Task instructions
Here the job is to transcribe only the lines from the one containing "A. Planta. B." through the last line below, exactly as written; please leave out pictures.

Data provided
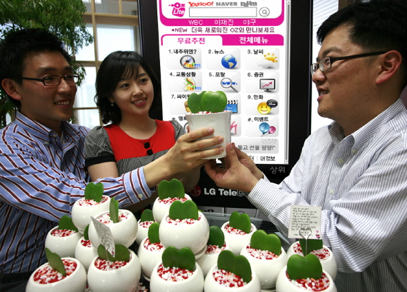 | < LG텔레콤은 15일 ‘스승의 날’을 맞아 전 사원의 뜻을 모아 임원 및 팀장들에게 감사 카드와 선인장 화분을 전달했다.> | ||
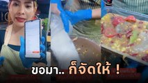 เมื่อลูกค้าสั่งยำกุ้งสดชูรสหมดห่อ แม่ค้าจัดให้ตามขอ ดูแล้วเสียวไปถึงไต
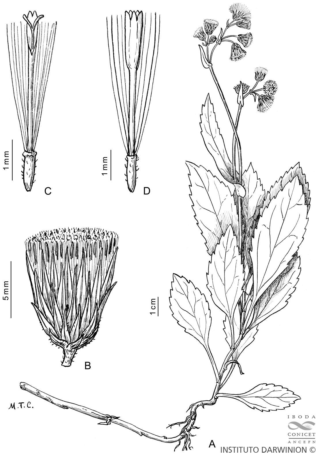 A. Planta. B. Capítulo. C. Flor del margen. D. Flor del centro.
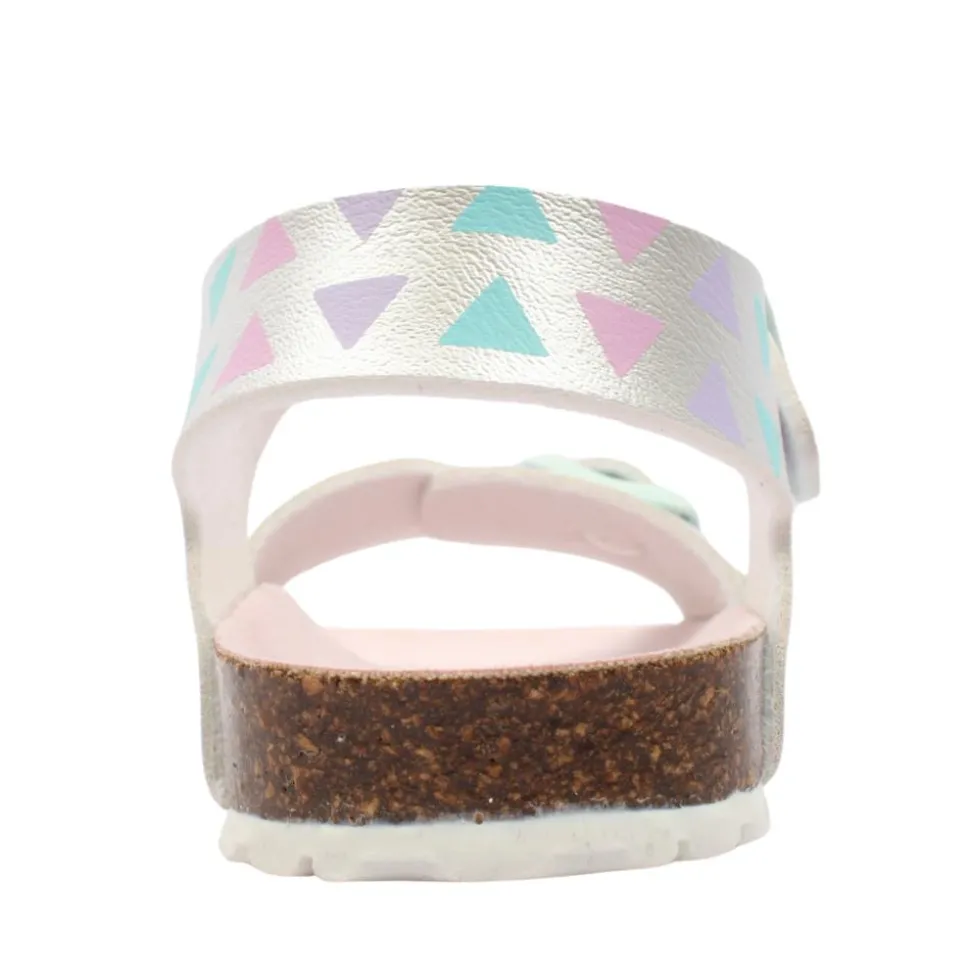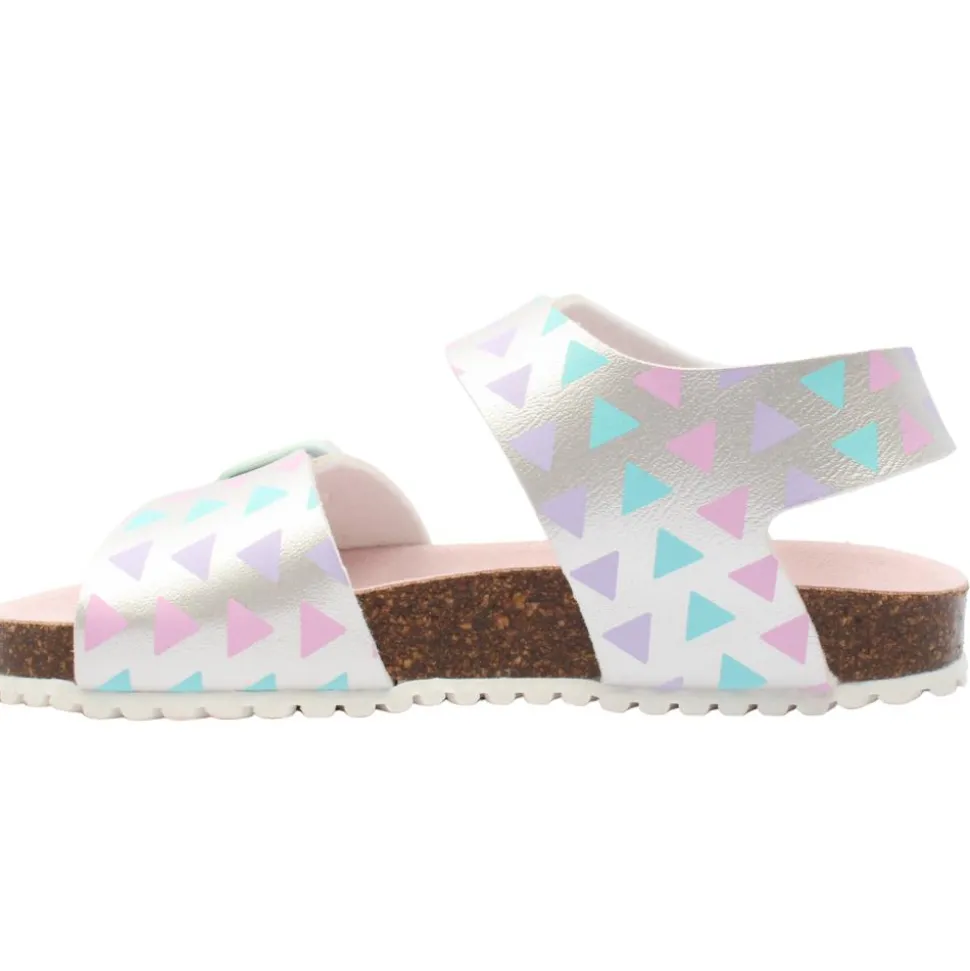 Adorable Girls sandal from Garvalin. Featuring a white upper adorned with a charming pattern of turquoise, pink, and purple triangles along the upper. Equipped with a convenient double buckle strap for easy on/off. This stylish sandal is perfect for the summer season.

Exercise result
 A. Planta. B. Capítulo. C. Flor del margen. D. Flor del centro.
 Adorable Girls sandal from Garvalin. Featuring a white upper adorned with a charming pattern of turquoise, pink, and purple triangles along the upper. Equipped with a convenient double buckle strap for easy on/off. This stylish sandal is perfect for the summer season.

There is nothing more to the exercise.